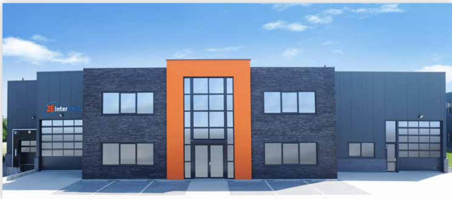
Ons hoofdkantoor in Nederland
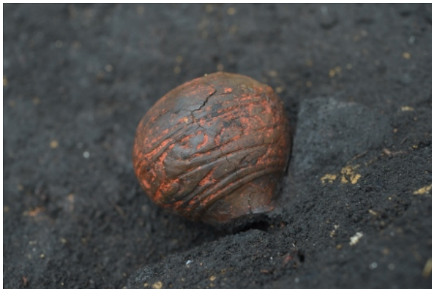
1区Ⅲ層遺物出土状況③
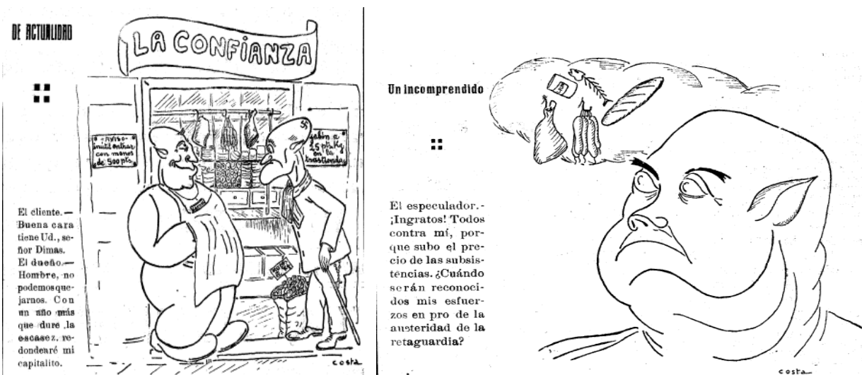
Imatge 8: Caricatura del 14 d'agost (esquerra, núm. 60) i del 4 de setembre (dreta, núm 78). Representen als acaparadors, i estan retratats de la mateixa manera que apareix descrit el personatge de don Chichi

En relació amb els acaparadors que, segons el diari, abasteixen als rics i sacrifiquen al poble treballador (núm. 76), publica, també, algunes caricatures, com la del 14 d'agost i la del 4 de setembre, per exemple:
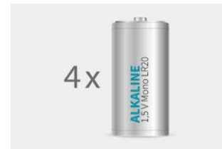
Alkaline-Batterie 1,5 V Mono LR20, 4 Stück Art.-Nr. 5910001006S4
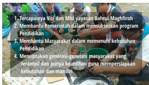
Gambar 5 Visi dan misi sekolah
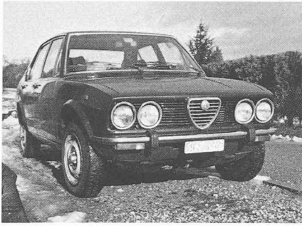
Alfa Romeo: un nom prestigieux, des qualités indéniabiles, une gestion discutable (des milliers de voitures vendues au-dessous du prix de revient), un environnement social troublé, une productivité minable. Le seul salut viendra-t-il du pays du Soleil-Levant?

millions d'Européens dépendent, directement ou indirectement, de l'automobile.
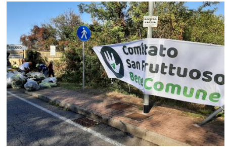
Figura 13 - Assieme al Comitato San Fruttuoso Bene Comune
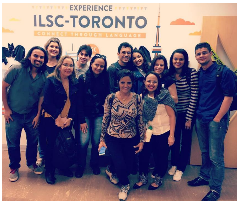
Ilustração 3 – Servidores do intercâmbio do IFPB na ILSC - Toronto
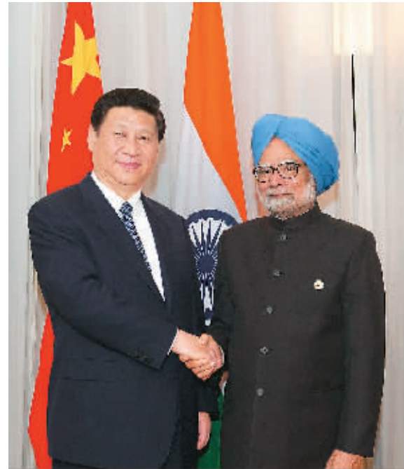
3月27日, 国家主席习近平在南非德班会见印度总理辛格。
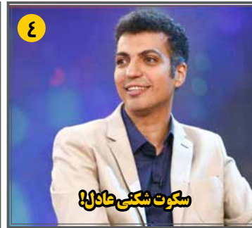
سکوت شکنی عادل!
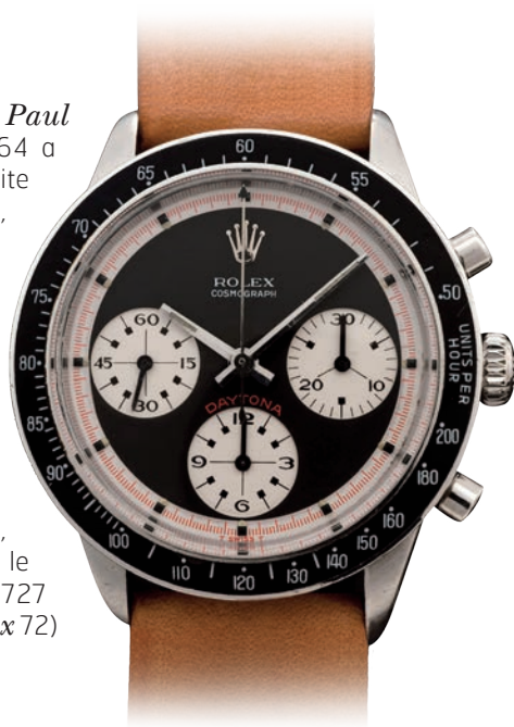
Collection Precious Time : Rolex Daytona Paul Newman, réf. 6264

La Rolex Daytona Paul Newman , réf. 6264 a seulement été produite pendant deux ans, de 1970 à 1972 et est aujourd'hui considérée comme une des Rolex Daytona Paul Newman les plus recherchées. Caractérisée par les poussoirs ronds et la lunette noir émaille, la référence 6264 a le mouvement Rolex 727 (dérivé par le Valjoux 72 )
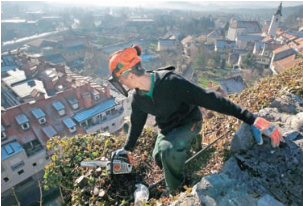
Dela na strmem pobočju zahtevajo dobro usposobljene izvajalce.

Poleg zaščite severnega pobočja Malega gradu bodo predvidoma še vse do božiča izvajali tudi čiščenje celotnega pobočja Malega gradu, ki zajema odstranjevanje
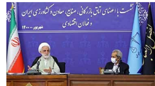
رئیس قوه قضائیه در دیدار با هیات رئیسه اتاق ایران
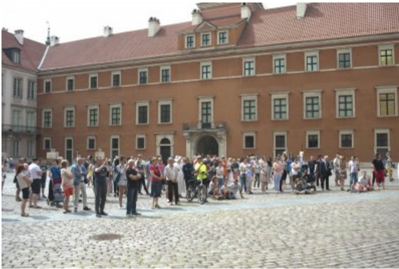
Otwarcie wystawy IPN „O

Niepodległą. Rok 1914” na Zamku Królewskim w Warszawie
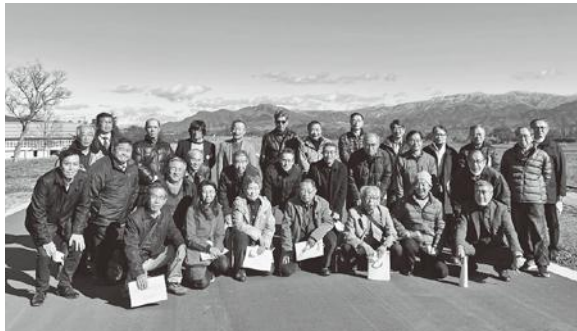
研修視察 千曲川河川敷台風災害現場(長野市)

令和3年度もコロナ感染と共存しながら、地に着いた事業展開が十分に図られず、悔しさと我慢を強いられた一年でした。局面毎の的確な判断のもと工夫を重ね出来る限りの諸事業を推進してこれたことに感慨深く、地域愛とふれあいを大切にする地区民のご支援の賜と感謝申し上げます。今年度は「コロナに負けず元気な地域づくりで将来に夢を」のスローガンに、どんな逆境にもめげず、今できることをチャンスに捉え歩を進めて参りました。重要課題の※複合施設建設については、新市長への覚書確認と長期事業計画の施策に載せ、10年先の姿が見えてきました。※県道青木東線の下山区拡幅は測量
------------------------------------------------------------
_WHAT NEEDS TO BE DONE_
Repeat the records above exactly, from the first line through the line containing "Imatge 8: Caricatura", and leave out the pictures.

_OUTPUT FOR THIS EXERCISE_
Ons hoofdkantoor in Nederland
1区Ⅲ層遺物出土状況③
Imatge 8: Caricatura del 14 d'agost (esquerra, núm. 60) i del 4 de setembre (dreta, núm 78). Representen als acaparadors, i estan retratats de la mateixa manera que apareix descrit el personatge de don Chichi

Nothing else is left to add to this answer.